The Philippines’ “doctors to the barrios” model shows how workforce shortages, intersected with governance, financing and system design, reveal why rural care remains fragile despite years of reforms.

When Dr. Katrina Magbojos joined the Philippines’ Doctors to the Barrios (DTTB) program, she was assigned not to a distant island or a conflict zone, as the term “barrios” might suggest, but to Jalajala, Rizal, about two hours southwest of the capital, Manila.
Jalajala is considered remote due to limited transportation options, scarce resources and challenges in accessing early medical care.
Magbojos served as a rural health physician in Jalajala under the Department of Health’s DTTB between 2022 and 2025.
Morning clinics often ran through noon, followed by afternoon consultations and administrative work.Patients at the clinic needed treatment for issues including upper respiratory tract infections, tuberculosis, diabetes, and hypertension.
While electricity and the internet were generally stable, public transportation dictated daily limits.
“Water was the main problem in my last year of deployment,” Magbojos told DW, explaining how her supply was often cut off to save costs.
For her, social problems in developing countries like the Philippines remain a challenge. People with lower incomes have poor health-seeking behavior, she said, because “whenever they seek consultation, they always think it is just an expense, so sometimes they seek it too late.”
Magbojos said that many patients could not complete their treatment because medicines were limited. She recalled two cases of human rabies that affected her deeply.
“Preventable vaccines are subsidized by the government, but the two cases did not access preventive vaccines,” she said.
Why DTTB still exists
The Doctors to the Barrios program began in 1993 after a health department survey found that 271 municipalities were without a resident doctor. Yet, after three decades, many health officials claim the underlying issue persists.
The Philippines has 7.92 doctors per 10,000 population as of 2022, according to figures from the Philippine Senate — lower than the benchmark of 10 doctors per 10,000.
As of December 2025, the Department of Health had 739 Doctors to the Barrios deployed across the country, according to Dr. Karl Ubial, who serves as the team lead for Primary Care Provider Network support under the DTTB program.
“The DTTB is a program that ensures that universal health care is achieved through equitable access and distribution of doctors,” Ubial said.
He added that the mandate goes beyond filling vacancies to strengthening local health systems.
Numbers and systems both matter
At the heart of the DTTB discussion is a persistent question: is the problem simply a lack of doctors? Ubial said the answer is more complex.
“The binding constraint in many areas is maldistribution and local system capacity [financing, HRH absorption, referral networks, medicines, diagnostics, governance],” he told DW.
Even when doctors are available, system limitations often make retention difficult.

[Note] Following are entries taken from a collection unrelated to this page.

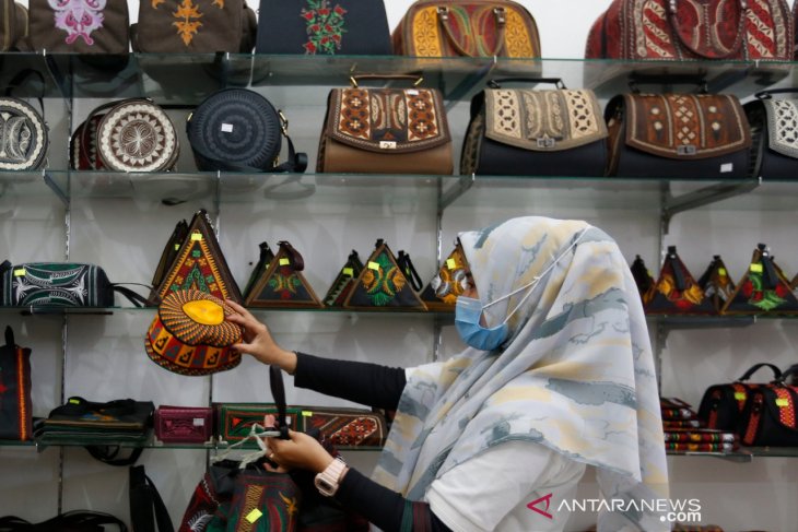 Pengrajin menyiapkan hasil produksi kerajinan Usaha Mikro, Kecil dan Menengah (UMKM) rumah tangga dan Industri Kecil Menengah (IKM) untuk dipasarkan di bazar UMK-IKM dan pasar murah Asia Mart Center, Banda Aceh, Aceh, Selasa (19/1/2021). Pemasaran secara mandiri, media sosial dan keterlibatan pihak swasta dengan menggelar bazar atau pasar murah diharapkan dapat membangkitkan kembali perekonomian ditengah pandemi COVID-19. Antara Aceh/Irwansyah Putra.
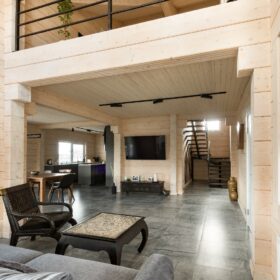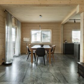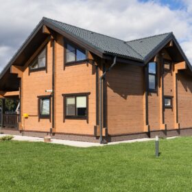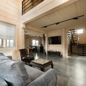 Данный проект выполнен из клеёного бруса. Строительный материал идеального качества отличается тем, что практически не даёт усадки, и дом готов принять жильцов сразу после окончания отделочных работ.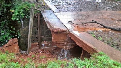 Ante las intensas lluvias colapsó la base de un puente en Oberá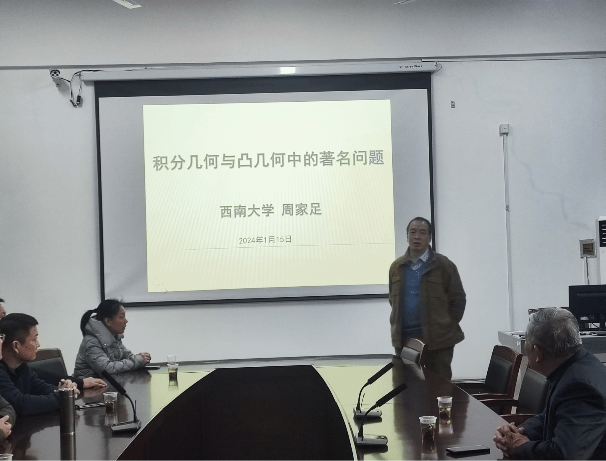 1月15日,世界著名积分几何学家、我校知名校友、西南大学数学教授、博士导师周家足来新葡的京官网22614进行学术交流,作了题为《积分几何与凸几何中的著名问题》的专题报告,介绍了等周问题和闽可夫斯基问题等,以及这些问题在分析、概率、积分几何和凸几何中的应用的最新进展。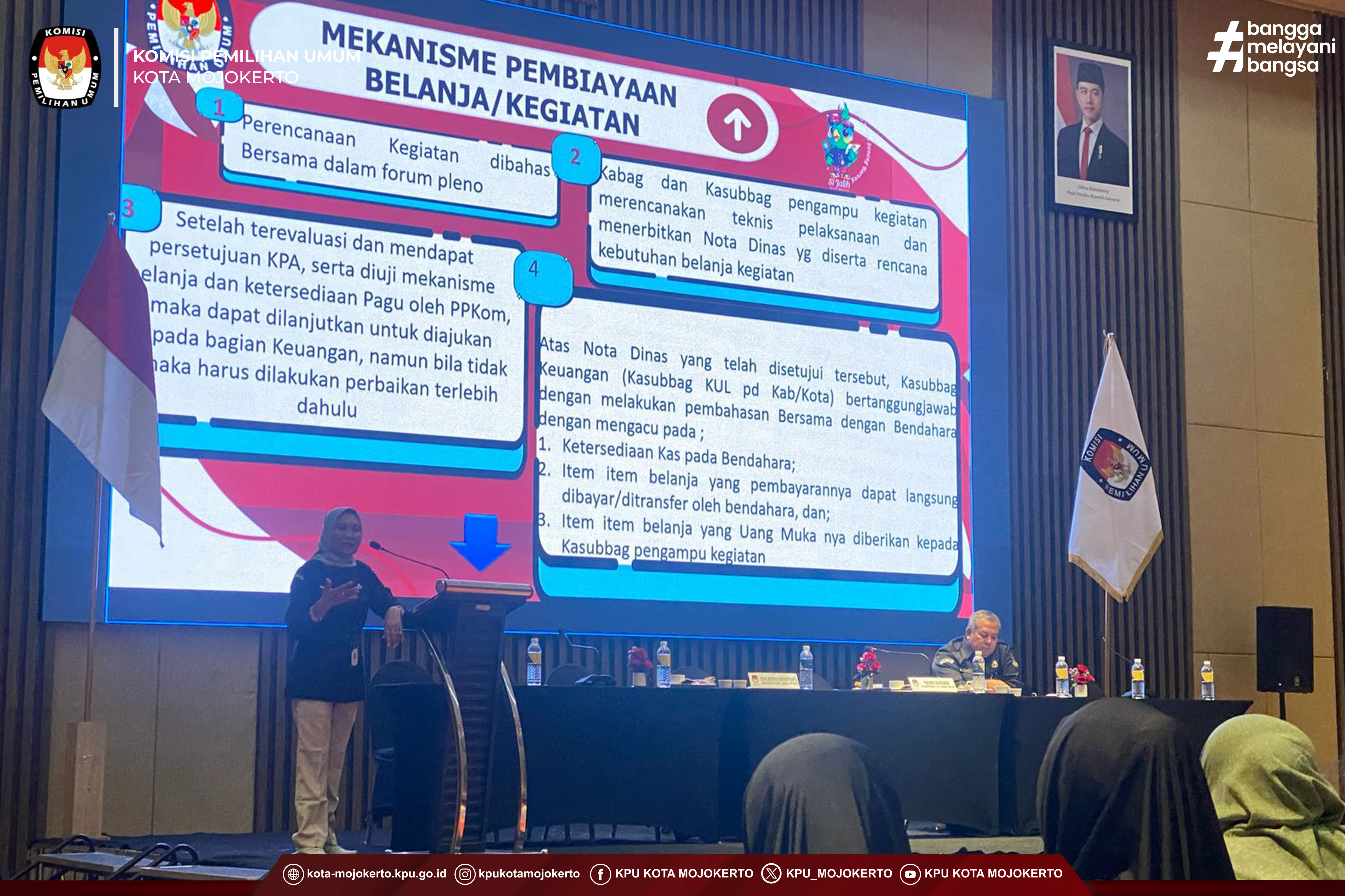 KPU KOTA MOJOKERTO HADIRI RAPAT EVALUASI PENGELOLAAN DAN PERTANGGUNGJAWABAN KEUANGAN KPU PROVINSI DAN KPU KABUPATEN/KOTA SE-JAWA TIMUR

DTTB functions as a bridge while broader reforms under the Universal Health Care (UHC) law take shape.
“DTTB is designed to close an access gap until such time that LGUs [local government units] are capacitated to supply themselves with the proper amount and quality of Human Resources for Health,” Ubial said.
Why towns still rely on DTTBs
Many municipalities remain dependent on the DTTB because they cannot sustain a physician’s presence, often due to limited budgets or difficulty recruiting doctors to more remote areas.
Ubial also pointed to constrained access to medical education, now being addressed through the Doktor Para sa Bayan Act, which aims to address the shortage of physicians by providing free education.
Meanwhile, Magbojos said he saw these limits play out in referrals.
Jalajala has a provincial infirmary, but “they lack manpower, tools and equipment,” she said.
Serious cases were referred to hospitals several municipalities away. Transport often became a bottleneck.
“If they’re unlucky enough that all the ambulances are unavailable, they will have to transfer by their own means,” she said. Referral coordination, she added, was uneven.
DTTB as a transitional measure
Some observers describe DTTB as a temporary solution. Ubial, however, described it as a transitional program.
“For me, it is more like a bridge — a transition while long‑term human resource and capacity delivery solutions are being built,” he said.